Throughout his career, Richard Jones has written from a luminous interiority, in deceptively simple, elegant language. His complex and intimate poems are spare, intentional models of clarity and restraint. Yet the formal quietness and the clear style belie neither the poetry’s soulfulness nor the poet’s intelligence; rather, such lucidity attains a kind of radiance. Apropos of Nothing is “about nothing,” and yet it evokes the essential suffering, bliss, and awakening of the attentive life. These well-reasoned, wise poems are portraits of intellection that show us just how joyous and sustaining the music of the mind can be.

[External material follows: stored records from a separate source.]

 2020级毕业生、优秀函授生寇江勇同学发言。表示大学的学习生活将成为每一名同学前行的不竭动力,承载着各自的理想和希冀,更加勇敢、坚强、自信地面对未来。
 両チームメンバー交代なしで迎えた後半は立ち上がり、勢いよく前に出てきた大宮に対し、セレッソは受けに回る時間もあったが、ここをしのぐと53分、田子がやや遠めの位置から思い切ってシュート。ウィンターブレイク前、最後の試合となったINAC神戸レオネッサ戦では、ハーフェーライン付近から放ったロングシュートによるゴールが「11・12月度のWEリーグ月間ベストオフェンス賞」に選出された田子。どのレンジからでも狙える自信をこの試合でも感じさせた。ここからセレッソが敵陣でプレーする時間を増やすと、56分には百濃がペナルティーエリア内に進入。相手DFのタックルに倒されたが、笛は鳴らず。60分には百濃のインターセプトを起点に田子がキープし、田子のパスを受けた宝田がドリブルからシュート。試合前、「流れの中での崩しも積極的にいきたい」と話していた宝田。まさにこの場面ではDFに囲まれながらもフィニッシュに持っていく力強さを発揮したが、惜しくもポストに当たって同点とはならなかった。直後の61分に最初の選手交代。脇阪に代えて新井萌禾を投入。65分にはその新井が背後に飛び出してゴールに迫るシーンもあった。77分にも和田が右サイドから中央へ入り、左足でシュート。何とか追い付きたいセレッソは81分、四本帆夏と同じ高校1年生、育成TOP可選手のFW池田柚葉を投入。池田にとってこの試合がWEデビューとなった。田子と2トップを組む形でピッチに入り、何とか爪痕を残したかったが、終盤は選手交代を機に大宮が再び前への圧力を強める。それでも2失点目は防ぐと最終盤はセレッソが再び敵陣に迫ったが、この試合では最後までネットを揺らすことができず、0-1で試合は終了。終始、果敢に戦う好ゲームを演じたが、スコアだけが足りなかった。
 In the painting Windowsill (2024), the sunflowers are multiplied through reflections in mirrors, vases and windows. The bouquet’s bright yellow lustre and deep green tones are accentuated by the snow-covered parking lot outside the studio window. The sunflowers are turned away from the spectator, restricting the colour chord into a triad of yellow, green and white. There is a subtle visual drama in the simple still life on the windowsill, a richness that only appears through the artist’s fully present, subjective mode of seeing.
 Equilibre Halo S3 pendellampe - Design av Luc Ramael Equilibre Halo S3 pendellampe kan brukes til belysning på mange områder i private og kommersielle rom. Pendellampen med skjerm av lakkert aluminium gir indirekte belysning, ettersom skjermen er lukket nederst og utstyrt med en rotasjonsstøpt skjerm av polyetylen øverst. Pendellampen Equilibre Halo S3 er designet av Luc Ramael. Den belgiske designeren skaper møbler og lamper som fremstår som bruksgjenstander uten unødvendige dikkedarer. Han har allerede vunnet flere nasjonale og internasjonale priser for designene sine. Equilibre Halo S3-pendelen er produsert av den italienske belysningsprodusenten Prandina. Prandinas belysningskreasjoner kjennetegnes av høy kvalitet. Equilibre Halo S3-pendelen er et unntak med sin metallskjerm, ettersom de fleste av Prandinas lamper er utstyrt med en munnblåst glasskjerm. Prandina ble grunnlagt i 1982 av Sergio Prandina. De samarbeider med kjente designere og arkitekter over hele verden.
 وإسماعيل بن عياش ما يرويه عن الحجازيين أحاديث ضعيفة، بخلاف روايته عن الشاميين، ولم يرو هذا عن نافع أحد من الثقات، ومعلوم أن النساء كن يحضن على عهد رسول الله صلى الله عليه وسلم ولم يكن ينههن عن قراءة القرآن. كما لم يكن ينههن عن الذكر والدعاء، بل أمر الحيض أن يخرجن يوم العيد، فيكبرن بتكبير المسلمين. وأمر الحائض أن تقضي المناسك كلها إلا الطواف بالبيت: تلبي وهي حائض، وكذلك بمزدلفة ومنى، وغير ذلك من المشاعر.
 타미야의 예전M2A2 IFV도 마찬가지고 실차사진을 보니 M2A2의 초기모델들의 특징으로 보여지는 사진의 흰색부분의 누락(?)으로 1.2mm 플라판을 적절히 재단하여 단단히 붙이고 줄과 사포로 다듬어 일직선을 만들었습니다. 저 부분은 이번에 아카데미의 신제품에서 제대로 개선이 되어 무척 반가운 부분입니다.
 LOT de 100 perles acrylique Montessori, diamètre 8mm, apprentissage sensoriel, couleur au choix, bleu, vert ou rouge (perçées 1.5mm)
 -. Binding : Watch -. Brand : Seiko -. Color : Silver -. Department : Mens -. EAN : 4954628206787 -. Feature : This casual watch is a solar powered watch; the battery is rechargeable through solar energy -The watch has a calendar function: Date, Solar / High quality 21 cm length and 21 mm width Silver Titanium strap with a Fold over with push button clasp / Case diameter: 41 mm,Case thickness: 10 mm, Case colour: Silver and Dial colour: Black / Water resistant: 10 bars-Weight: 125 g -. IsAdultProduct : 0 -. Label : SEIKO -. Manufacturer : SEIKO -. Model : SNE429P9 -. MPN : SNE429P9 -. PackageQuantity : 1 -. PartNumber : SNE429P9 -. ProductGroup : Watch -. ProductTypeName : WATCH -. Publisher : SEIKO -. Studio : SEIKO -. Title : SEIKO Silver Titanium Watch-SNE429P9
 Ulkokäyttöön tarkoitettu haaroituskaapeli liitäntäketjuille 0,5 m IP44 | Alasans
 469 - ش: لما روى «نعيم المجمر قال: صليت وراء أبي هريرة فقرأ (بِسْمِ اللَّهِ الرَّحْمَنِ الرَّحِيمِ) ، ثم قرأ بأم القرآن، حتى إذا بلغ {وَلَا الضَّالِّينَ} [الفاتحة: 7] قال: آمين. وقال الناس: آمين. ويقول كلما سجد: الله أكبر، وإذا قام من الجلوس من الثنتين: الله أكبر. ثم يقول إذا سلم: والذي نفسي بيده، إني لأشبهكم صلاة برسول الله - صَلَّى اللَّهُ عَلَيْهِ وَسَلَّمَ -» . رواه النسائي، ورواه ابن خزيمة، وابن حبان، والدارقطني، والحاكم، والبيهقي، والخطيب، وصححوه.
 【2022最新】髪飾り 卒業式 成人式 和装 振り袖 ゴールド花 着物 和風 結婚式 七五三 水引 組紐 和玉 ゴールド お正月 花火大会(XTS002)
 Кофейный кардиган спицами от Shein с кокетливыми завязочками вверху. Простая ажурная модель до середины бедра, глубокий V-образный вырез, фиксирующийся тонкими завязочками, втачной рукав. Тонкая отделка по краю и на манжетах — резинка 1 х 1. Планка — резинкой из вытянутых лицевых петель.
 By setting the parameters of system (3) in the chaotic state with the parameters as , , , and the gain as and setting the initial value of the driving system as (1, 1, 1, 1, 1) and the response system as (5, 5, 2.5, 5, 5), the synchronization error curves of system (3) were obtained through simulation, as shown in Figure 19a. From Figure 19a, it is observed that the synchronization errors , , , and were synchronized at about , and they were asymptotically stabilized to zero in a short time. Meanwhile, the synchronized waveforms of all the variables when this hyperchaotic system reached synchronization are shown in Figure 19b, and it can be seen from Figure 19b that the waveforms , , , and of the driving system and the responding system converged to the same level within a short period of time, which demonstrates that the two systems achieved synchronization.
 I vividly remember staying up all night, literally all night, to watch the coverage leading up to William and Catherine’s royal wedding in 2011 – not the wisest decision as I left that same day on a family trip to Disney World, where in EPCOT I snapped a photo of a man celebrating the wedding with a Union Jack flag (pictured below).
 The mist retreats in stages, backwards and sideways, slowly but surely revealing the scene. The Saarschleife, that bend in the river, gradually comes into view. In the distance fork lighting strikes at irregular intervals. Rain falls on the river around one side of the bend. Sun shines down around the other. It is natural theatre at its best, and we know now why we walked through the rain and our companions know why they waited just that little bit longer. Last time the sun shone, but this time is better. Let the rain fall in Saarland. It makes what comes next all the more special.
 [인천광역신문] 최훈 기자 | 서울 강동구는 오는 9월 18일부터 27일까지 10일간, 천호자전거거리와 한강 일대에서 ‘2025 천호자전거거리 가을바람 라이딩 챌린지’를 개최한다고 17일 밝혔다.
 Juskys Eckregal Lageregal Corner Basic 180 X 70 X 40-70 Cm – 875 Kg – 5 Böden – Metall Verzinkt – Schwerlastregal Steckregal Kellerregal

Richard Jones was born in London and educated at the University of Virginia. His first book of poetry, Country of Air (Copper Canyon Press, 1986), won the Posner Award from the Council for Wisconsin Writers. He published At Last We Enter Paradise in 1991 and Perfect Time in 1994.
Jones has edited Poetry East since 1979 and has edited two critical anthologies Poetry and Politics and Of Solitude and Silence: Writings on Robert Bly. He is a professor at DePaul University in Chicago.
The book wasn't bad, but it didn't really stand out. Many of the poems felt like Jones was trying too hard, or maybe not hard enough. Some of the poems felt more like exercises (E.G. "The Spoon" and "Plums": "I liken death to a bowl/of ripe purple plums/enjoyed on the terrace of a high mountain lodge/at dawn above a quiet lake").
It's a very safe book full of stillness, softness, and quiet reading that you could give to your grandmother to enjoy. That's not bad, but I usually like poems with a little more bite.
I like the structure of the poems and it's refreshing to see each poem so close together instead of disconnected.
I enjoyed "Tea Ceremony" ("and that to prepare/tea so unceremoniously,/in a humming microwave,/forgoing ritual,/disparages grace and beauty./But it's past midnight - no one is watching"); and "Infinity and God" and "Cherries in the Snow" were more like what it seemed he was reaching for.
Just not my cup of tea. There were a few poems that I enjoyed, but nothing really stood out to me. I'm not a big poetry person by any means, so maybe I'm missing something here - unable to appreciate the art form in which it's displayed in this book.